There are a lots of decision-making steps along the product-development path. Those of us in the software industry who were influenced by Kent Beck et al talk about "spiking." It means trying to build just enough of something to expose the unknowns that we would have missed otherwise. It's not unusual to spike two different approaches to the same problem to see the difference in their characteristics.
Another example is in the shaping room. We've got a good idea on the wall, everyone is nodding their head and ready to commit, but not exactly buzzing with excitement. Then one of us says: "Is there a very different way we can approach this?" Sometimes it's to highlight a doubt, but it can also work the opposite way. Briefly entertaining a very different idea can strengthen everyone's resolve by showing, through contrast, how strong the existing path actually is.

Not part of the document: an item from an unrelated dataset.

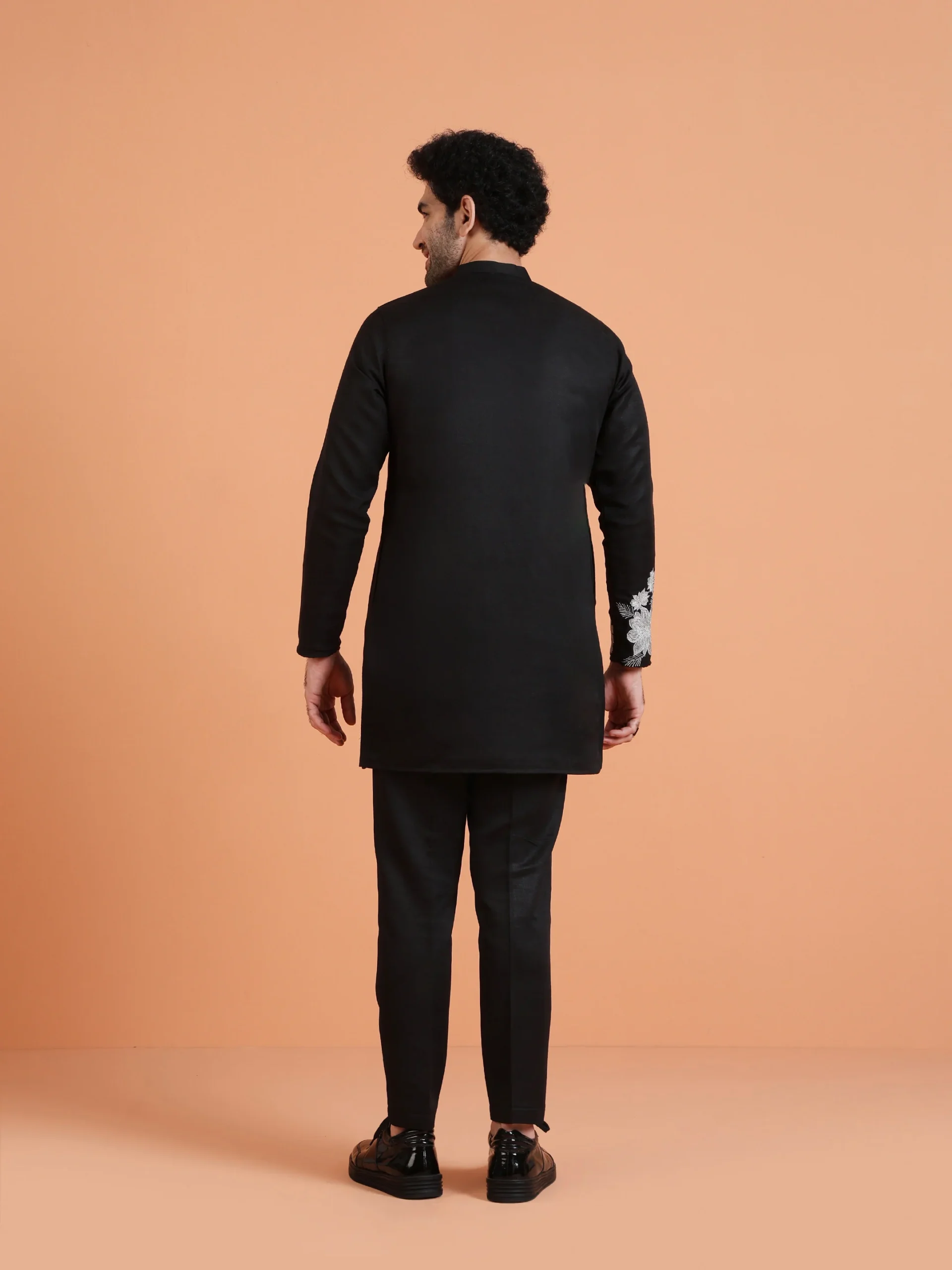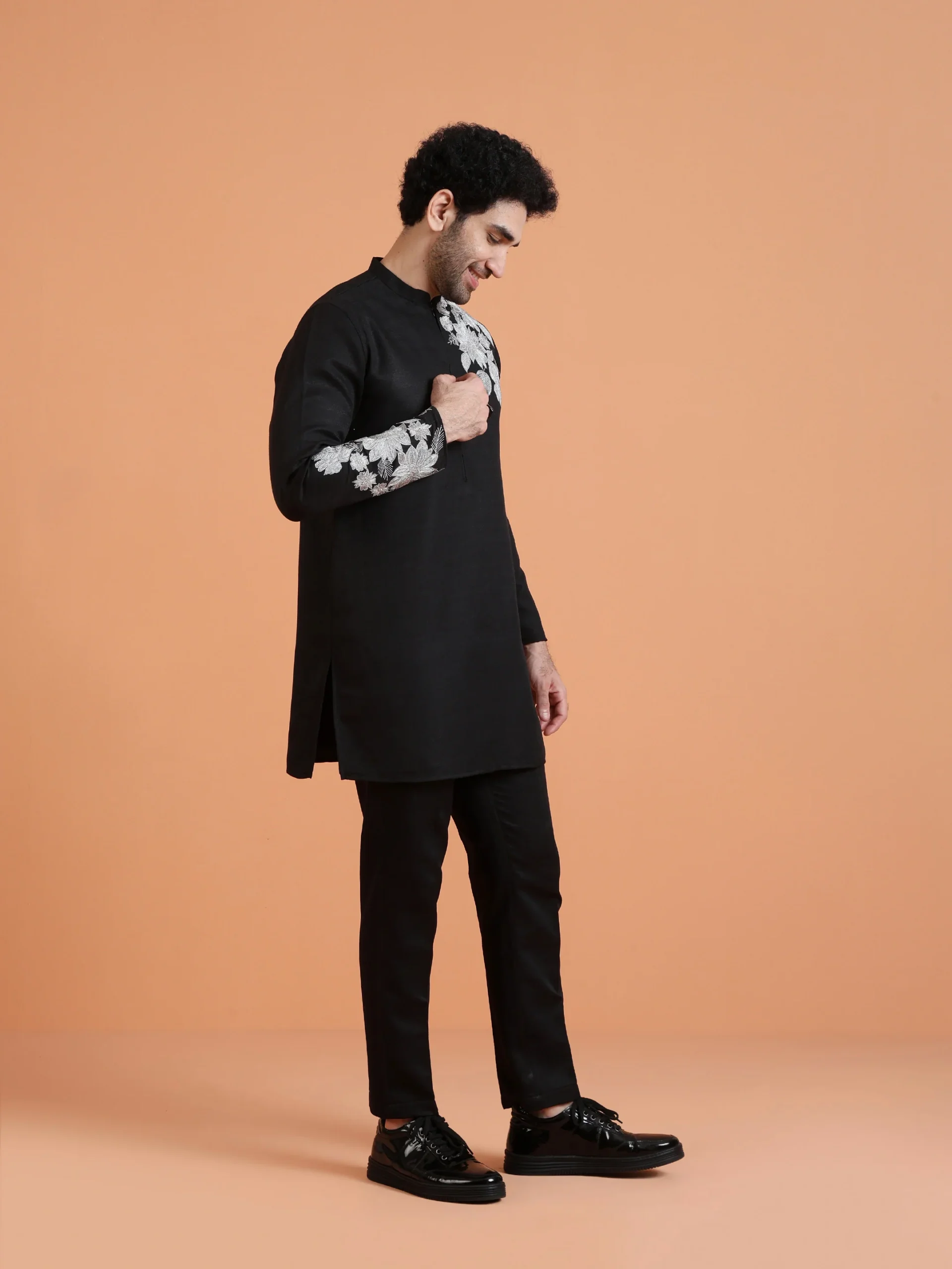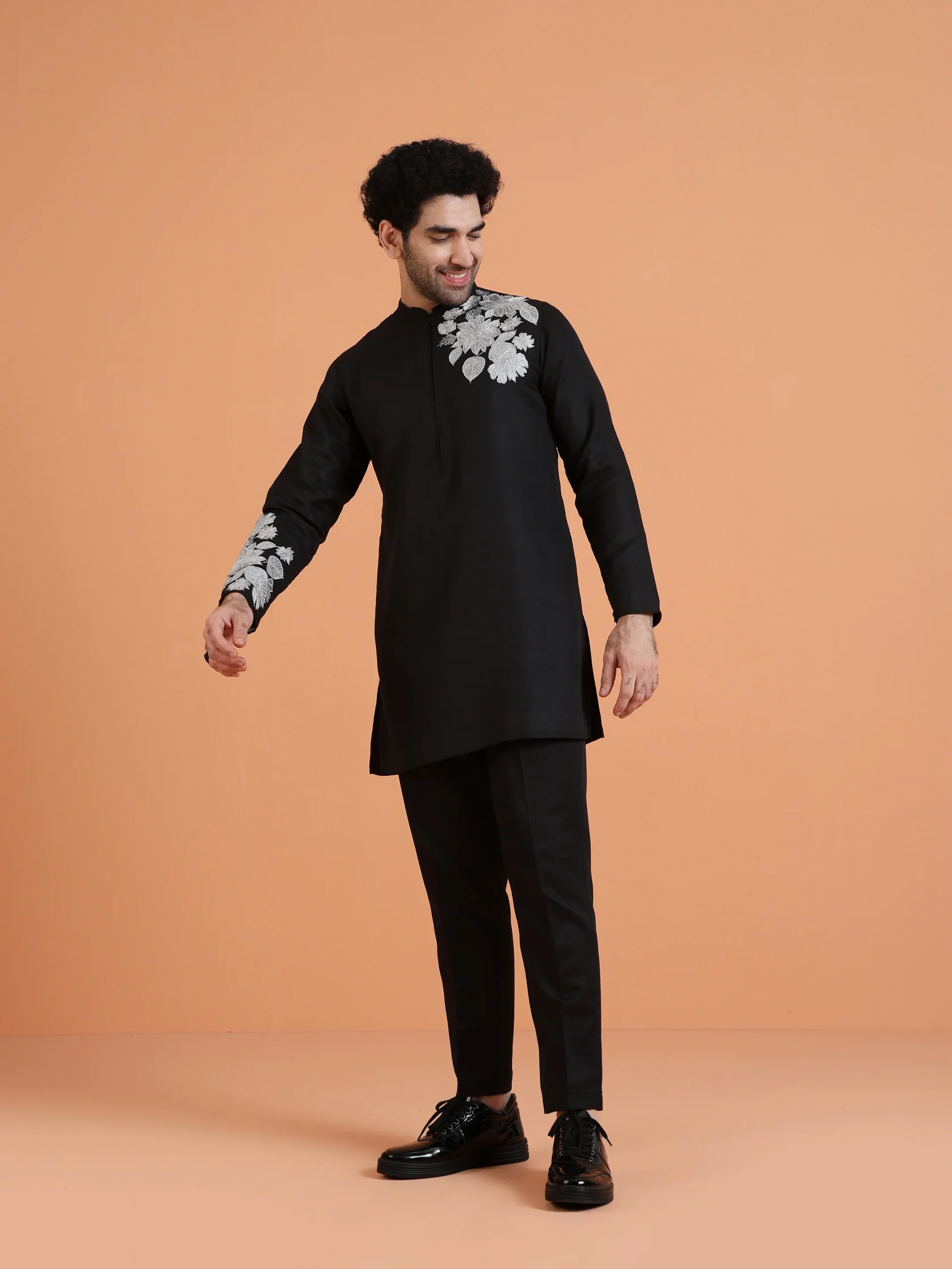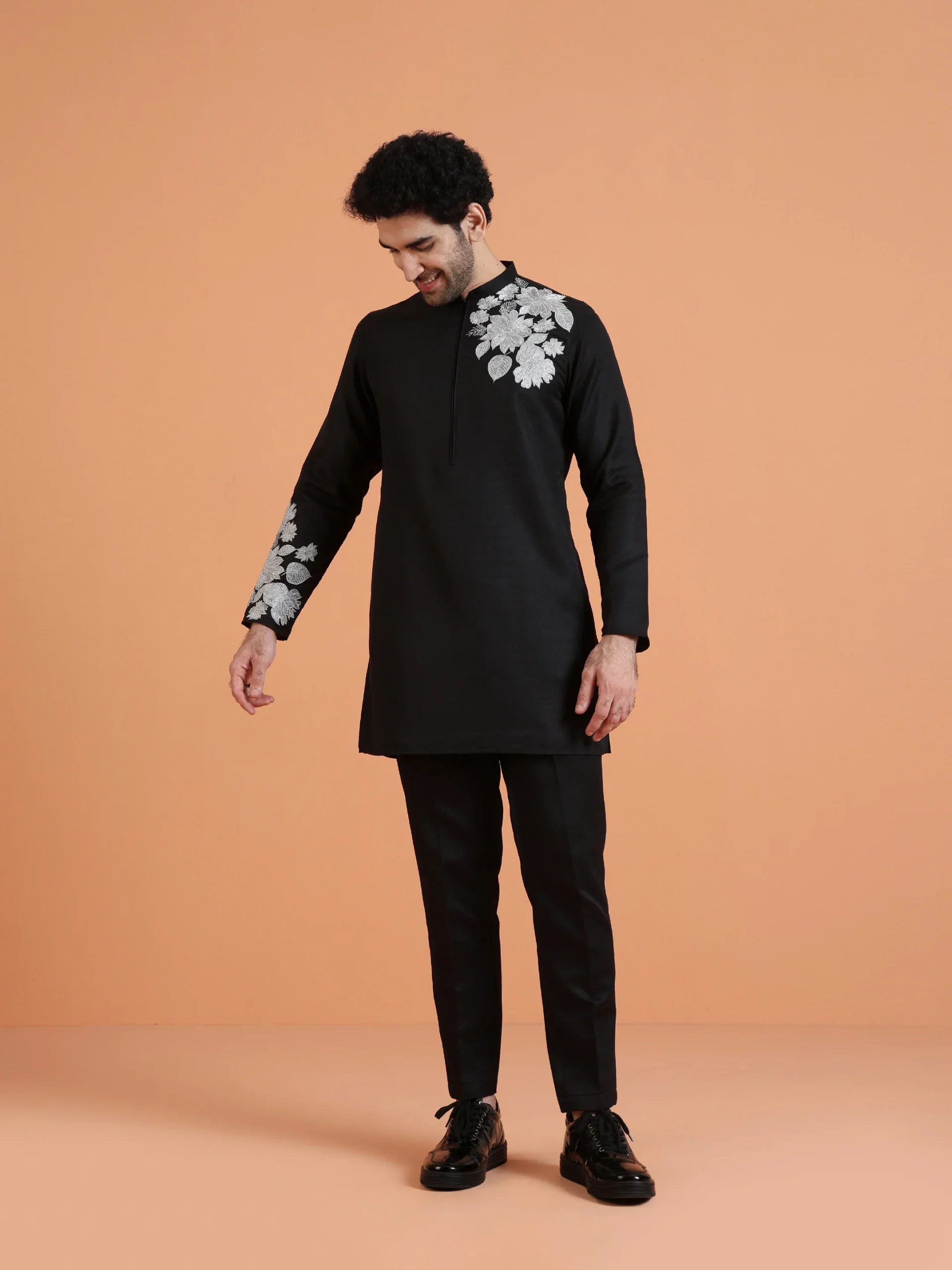 This Black Floral Embroidered Kurta with Black Trouser Set features tonal floral embroidery on a solid black base, creating a coordinated and structured ethnic ensemble suitable for formal celebrations.

And of course you only have to look over a graphic designer's shoulder to see what prototyping is about. You never see one sketch in their notebook, and one corresponding vector image on their screen. You see variation after variation, sometimes wildly different ideas, both in the sketchbook and in screenful after screenful of Illustrator canvas.
These examples only scratch the surface. The big idea is to think of prototyping not as a single costly effort to build and verify a single guess, but as a way to learn, to uncover what we don't know, to find the best way forward for the unanswered question at hand.